# Pet.... Lemon?



## T33's Torts (Jan 19, 2014)

Sorry, couldn't help myself.


----------



## Jacqui (Jan 19, 2014)

What a cute face!


----------



## milkandsam (Jan 19, 2014)

Matches your tort? Frog? In the background!


----------



## wellington (Jan 19, 2014)

Hahaha, too cute. Thanks for the laugh


----------



## T33's Torts (Jan 19, 2014)

*Re: RE: Pet.... Lemon?*



milkandsam said:


> Matches your tort? Frog? In the background!
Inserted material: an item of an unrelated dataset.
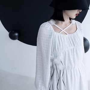 美麗なデコルテライン、胸元の薔薇がおしゃれを格上げ
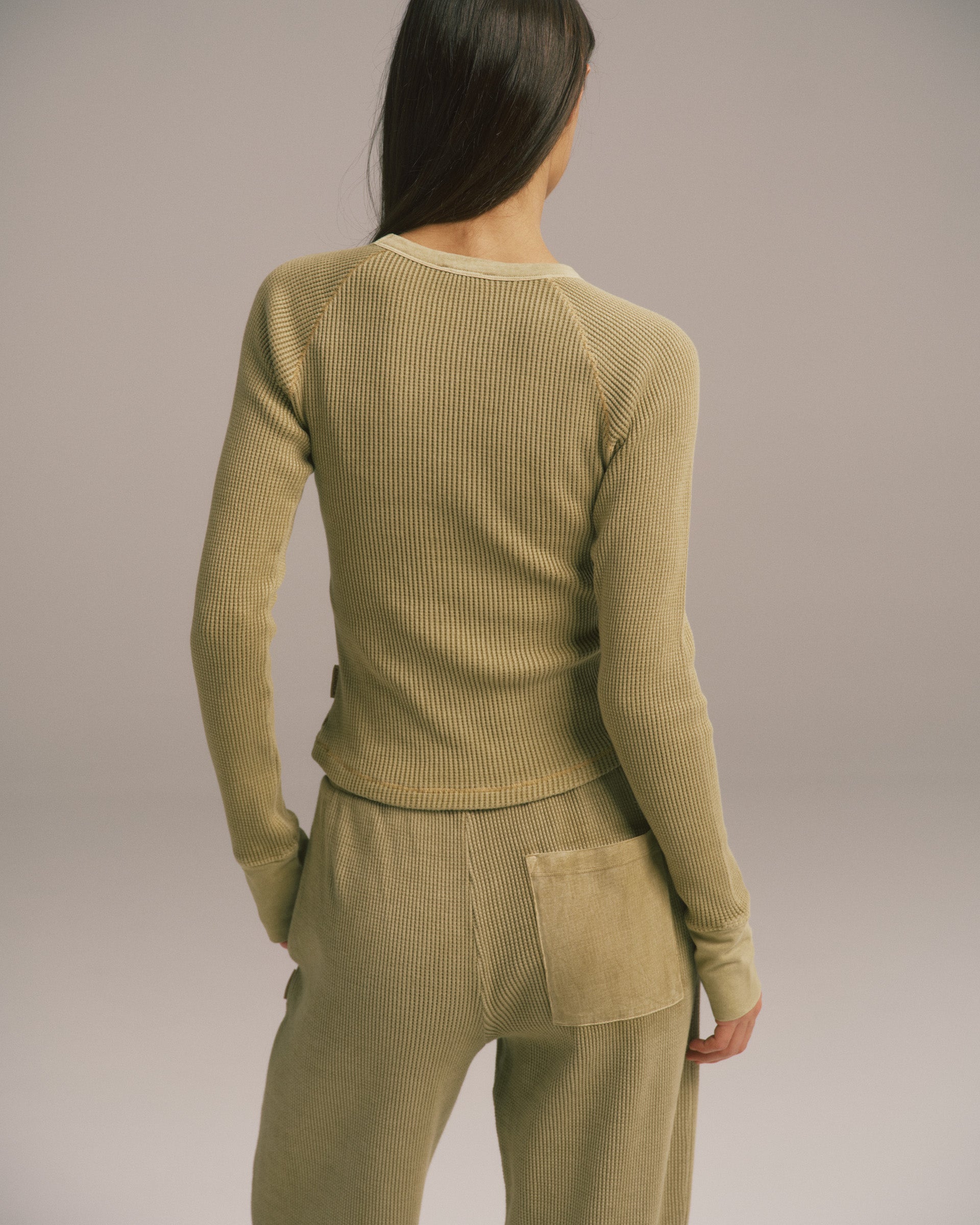 Our new Waffle Raglan Long Sleeve Top is our go-to for laid back days or as a layering piece. It has a relaxed silhouette and is made from a light breathable fabric composition. Style yours with the matching pants for a complete look.

Its an omnom! From the game cut the rope. Its my Christmas present from a 4 year old.


----------



## milkandsam (Jan 19, 2014)

Omg I love that game but I haven't played it in forever! Your 4 year old has great tastes!


----------



## T33's Torts (Jan 19, 2014)

Oh goodness! I'm much much to young to have a four year old. He's my cousin, but i appreciate the thought


----------



## milkandsam (Jan 19, 2014)

Haha whoops! My bad!! Still good taste!!


----------



## T33's Torts (Jan 19, 2014)

Lol! Yeah. I played and finished all the levels... waiting for the next update!


----------